We use a diffusion model to follow the migration of the triggering front of the MEQ cloud15,40,41. For a homogeneous and isotropic medium, the triggering front is approximated as15,40:

$$r=\sqrt{4\pi D\Delta t}$$
(1)

where \(r\) is the separation between the migrating seismic front and injection point; \(D\) represents the best-fit hydraulic diffusivity; \(\Delta t\) is the elapsed time since initiation of injection \({t}_{0}\), e.g, \(\Delta t={t}_{i}-{t}_{0}\). A constant hydraulic diffusivity of \(0.008{{m}}^{2}/s\) is fitted for EGS Collab across all three episodes as shown in Fig. 1a3–c3 – representative of progressive stimulations of the same zone. Three different hydraulic diffusivity values (Fig. 3a3, b3, c3) are returned for the three stages at Utah FORGE, representative of the three different locations accessed along the wellbore.

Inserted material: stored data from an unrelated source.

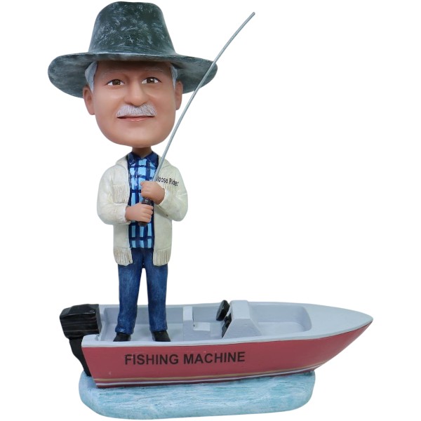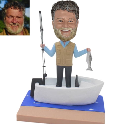 Fishing bobblehead doll in boat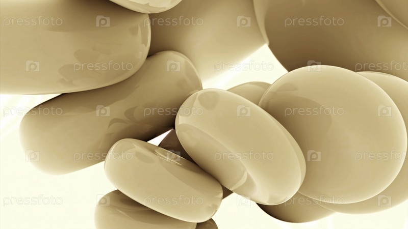 Глянцевые 3D фигуры перемещаются по спиралям. Дизайн. Круглые 3d тортильи движутся в вращающемся потоке. Гладкие круглые фигуры передвигаются по спиралкам на белом фоне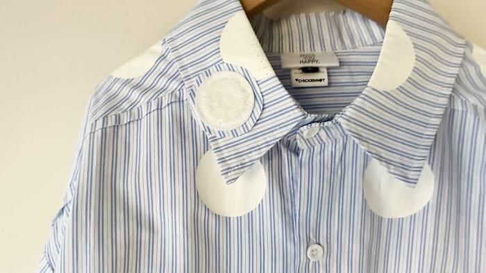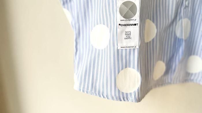 たとえばストライプ柄にドット柄をのせたグラフィックにして柄生地を製作し、それをシャツに仕立てれば CHICKENNOT がやってることを凌駕するんじゃないかって思うかもしれません。それはそうかもしれませんが、ボクがやってることは自己満足レベルで述べることを許されるなら、ボクの「作品」のほうが「なんとなく可愛い、気がする」はずです。ぱっと見では明確でないのに、潜在意識に訴えかけられるほどの存在感はあると、ボクはおもいます。それに賛同してくださる人がご注文くださるだけでいいです。じつはけっこう手間のかかる作業なので、何十枚も注文がしてしまうとボクもこまってしまうので、今回は M / L / XL の3サイズで9枚しかご注文できないようにしてあります。9枚でさえもヤバいです。5枚で十分。いや、3枚。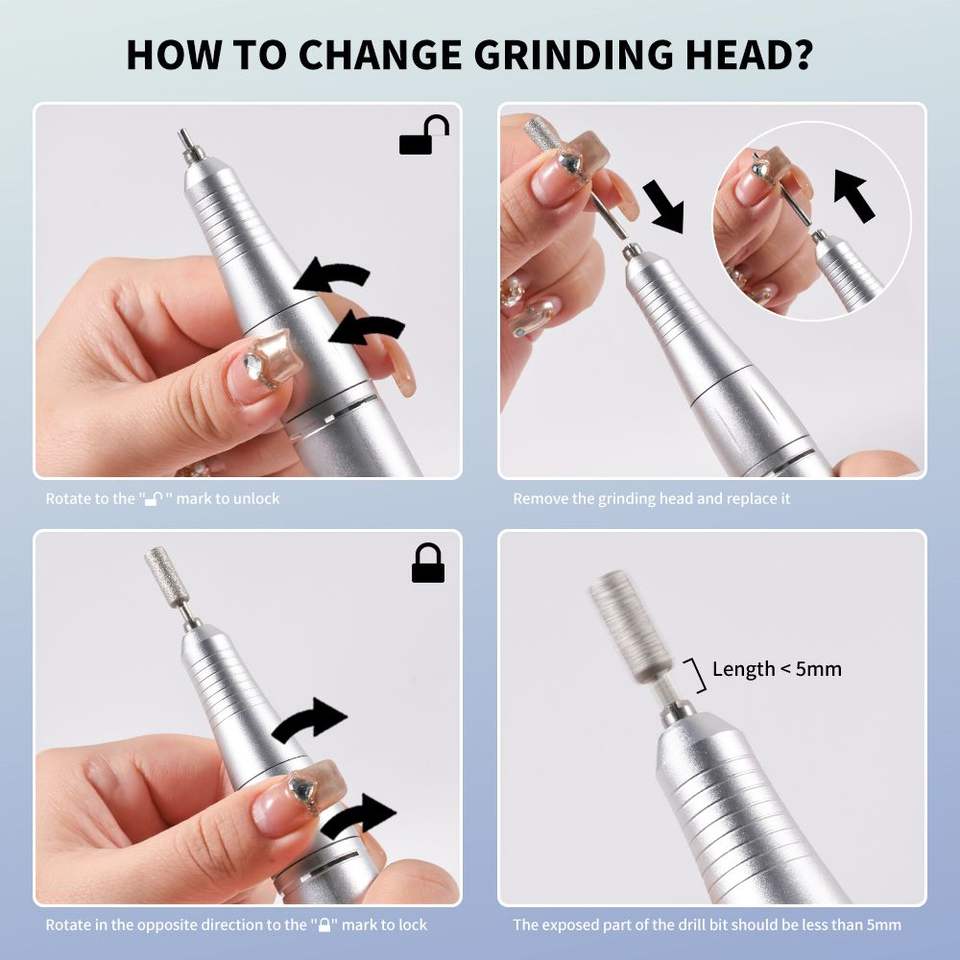 Kit de perceuse à ongles électrique rechargeable portable 45000 tr/min, lime à ongles électrique sans fil pour ongles en acrylique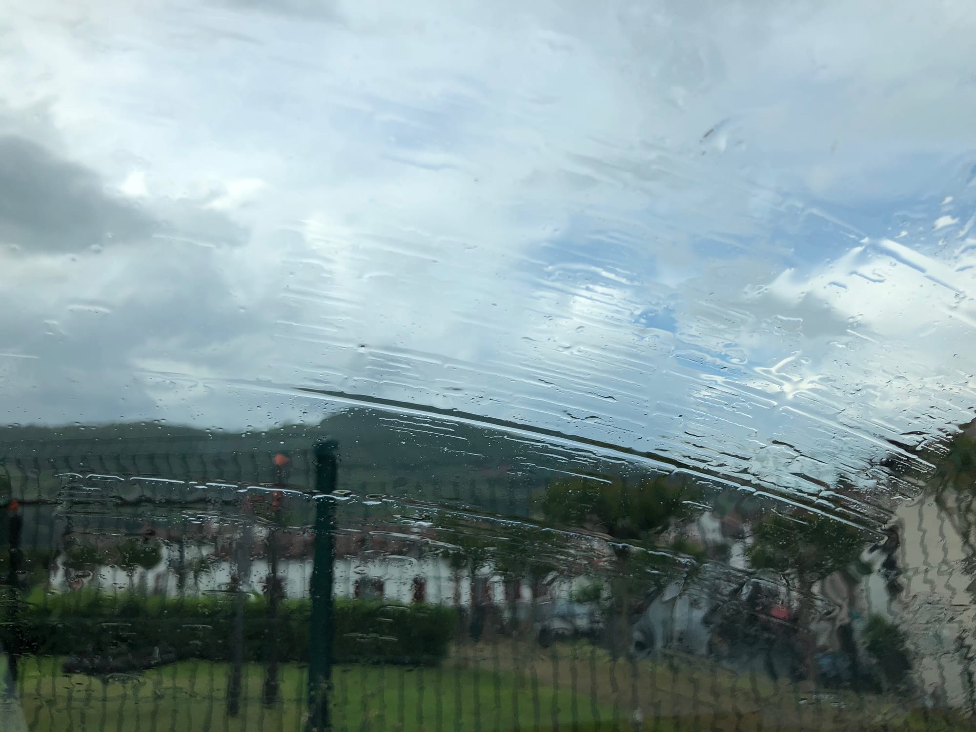 It’s 7:30. We’ve got at least another two hours of daylight. I’m in my car on the far side of that mountain I would see if my apartment were one story higher. The violent storms from earlier today ended a little after lunch. Now the sky is veiled with clouds — grey, purple and white. The sun’s rays pour through the rips in that veil of clouds, illuminating patches of grassy meadows and forests. Occasionally backlighting a solitary tree on a hill as if it were on fire.
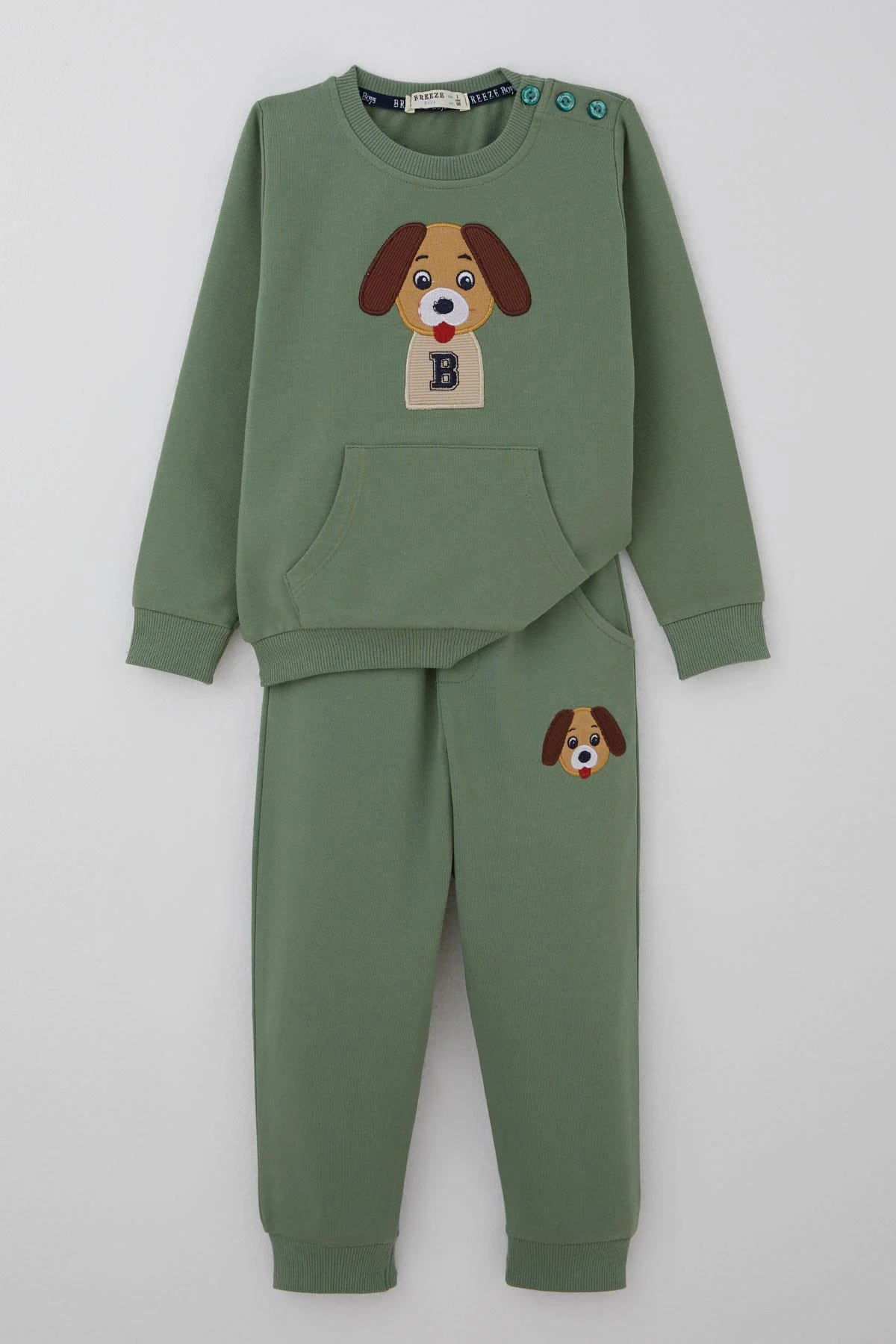 بدلة رياضية شتوية مخططة للأولاد بتصميم غطاء رأس وطبعة كلب لطيفة، مصنوعة من قماش ناعم يمنح دفئًا وراحة طوال الموسم.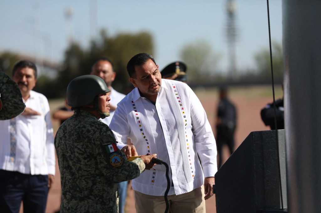 Cd. Juarez, Chih.- El evento dio inicio con el izamiento a la enseña patria en la plaza de la Megabandera, encabezado por el Presidente Municipal, Cruz Pérez Cuéllar y el general brigadier de Estado Mayor, César Gutiérrez López, comandante de la Guarnición Militar de Juárez. El desfile organizado por la Dirección de Educación, en coordinación con la Secretaría de la…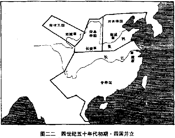 明年(三八五),前秦帝国瓦解的速度加快。西燕帝国在战败苻睿后,改变主意,暂时放弃东归的念头,进围长安。关中(陕西中部)氐民族既然大量迁出,苻坚不能再集结更多的武装部队,只好留他的儿子镇守长安,他自己突围向西,计划到南安(甘肃陇西)一带氐民族老根据地,动员兵力,再回来解救长安。可是大饥馑使长安不能固守,他一离城,就告陷落。苻坚西行到五将山(陕西岐山北),被后秦帝国的巡逻部队截获,送到新平(陕西彬县)石佛寺。姚苌向苻坚索取皇帝传国玉玺,苻坚大骂他忘恩负义,姚苌就把他缢死。姚苌于二十年前在绑赴刑场处斩时,被当时还是亲王的行坚救下来。所以连后秦的羌人部队,都为这一代伟人的悲剧,流下眼泪。 苻坚死后,他的儿子苻丕在晋阳(山西太原)继位,但前秦帝国已走到尽头。居住苑川(甘肃榆中)另一支鲜卑民族的一位酋长乞伏国仁,在勇士堡(甘肃榆中)独立,建西秦王国。又明年(三八六),淝水战役前夕,苻坚派往征服西域(新疆)的氐民族大将吕光于征服西域后胜利归来,走到姑臧(甘肃武威),听到苻坚死亡的消息,归途又被新兴起的西秦王国遮断,于是他就在姑臧当起王来,建立后凉王国。 同年(三八六),五胡十九国之外的另一国——由漠北鲜卑酋长拓拔珪建立的代王国(稍后改称魏帝国、史家称为北魏),在遥远的塞外盛乐(内蒙古和林格尔)悄悄崛起,它是一个微不足道的简陋政权,臣服后燕。但它不属于五胡的十九国,因为它的寿命比任何一国都长,长达一百七十一年,在大分裂时代后期的南北朝时代,担任主要角色。 ——本世纪(四)八十年代,中国境内八国并立:前秦帝国后燕帝国、西燕帝国、后秦帝国、西秦帝国、后凉帝国、北魏帝国、晋帝国。 前秦帝国瓦解,北中国一片混战,兵燹和大饥馑,纵横千里,都是枯骨。人与人之间互相残杀,煮食对方的尸体——这种悲惨的命运在中国历史上太多太多了。 三九四年,前秦帝国挣扎到最后一任皇帝苻崇,被西秦王国所灭,建国四十四年。同年,放弃长安,东进到长子(山西长子)建都的西燕帝国也被后燕帝国所灭,建国十一年。然而,三年之后(三九七),从后凉王国又分裂出两个王国:鲜卑民族的南凉和匈奴民族的北凉。中国境内,仍八国并立。 北魏帝国在塞北悄悄崛起,是一件当时没有人看到眼里的大事。它向后燕帝国进贡,以求得到保护。后燕帝国最初也确实尽到了宗主国的责任。可是后燕的开国皇帝慕容垂年纪日老,跟外界的接触也日少,由他那花花大少型的皇太子慕容宝掌握大权。三九一年,北魏帝国开国君主拓拔珪派他的弟弟拓拔觚,到后燕首都中山(河北定州)朝觐,慕客宝向他索取良马,拓拔珪拒绝。慕容宝就把拓拔觚扣留不放(这使我们想到纪元前六世纪九十年代楚王国宰相囗囊瓦)。两国关系,自此破裂。慕容宝对蕞尔小国的北魏竟不肯屈服,觉得大丧面子,他用种种方法在老爹面前挑拨,到了三九五年,已经昏聩了的慕容垂终于被激怒,命慕容宝率领九万精兵,讨伐拓拔珪。拓拔珪采取坚壁清野战略,慕容宝长驱直入,行军四百余公里,如入无人之境,一直抵达黄河北岸,不见敌踪。但与首都中山的联络,却被拓拔珪的奇兵切断,得不到后方消息。拓拔珪又教人散布谣言说,本已患病的慕容垂,已经死亡。慕容宝疑惧不安,最后只好撤退。退到参合陂(山西阳高)时,拓拔珪的大军追及,合围总攻,后燕兵围崩溃,一半战死,一半投降。拓拔珪对太多的降卒感到恐惧,于是纪元前三世纪长平关战役惨剧重演,降卒全被坑杀。仅慕容宝和幸运的数千人逃回。

We convert measured injectivities to mean permeability by defining approximated radial (EGS-Collab) or spherical (Utah FORGE) flow geometries representative of the different geometries of the evolving seismicity clouds and wellbores – and assuming steady flow within the evolving cloud. For EGS Collab, the seismic front (Fig. 2) propagates radially from the injection wellbore that is long in relation to the distal radius of the seismicity front, ultimately representing the external far-field pressure boundary. For FORGE, the injection zone length is short in comparison to the distal pressure boundary (Fig. 4) and evocative of spherical propagation of the seismicity front and corresponding far-field pressure boundary. The permeability for the EGS Collab experiment is thus:

$$k=\frac{\mu I}{2\pi h} \, {{{{\mathrm{ln}}}}} \, \left(\frac{{r}_{t}}{{r}_{w}}\right)$$
(2)

where \(k\) is the average permeability, \(\mu\) is the viscosity of the injected fluid (water) accounting for borehole temperature, \(h\) is borehole/cylindrical-zone length and\(\,I\) is the injectivity defined as the ratio of flow rate (\(Q\)) to pressure differential (\(\Delta P={P}_{d}-{P}_{e}\)). \({P}_{d}\) is the downhole pressure, \({P}_{e}\) is the pressure at the pressure external boundary, coincident with the seismicity front. The parameter \({r}_{w}\) is the interior injection wellbore radius and\(\,{r}_{t}\) is the radius to the external flow boundary observed and utilized for Eq.(1). Similarly, for Utah FORGE, the average permeability is expressed as:

$$k=\frac{\mu I}{4\pi }\left(\frac{1}{{r}_{w}}-\frac{1}{{r}_{t}}\right)$$
(3)

where radii represent the spherical geometry of the stimulated zone. We note that it is always difficult to accurately characterize the MEQ distribution using exact geometry. Here we assumed a simple spherical MEQ distribution as broadly characteristic of the flow geometry based on the MEQ observations. This assumption as spherical (Utah FORGE) or radial (EGS Collab) flow does not affect the process of linking MEQs to permeability changes since permeabilities calculated from the two geometries are linked to injectivity through a constant representing the flow geometry.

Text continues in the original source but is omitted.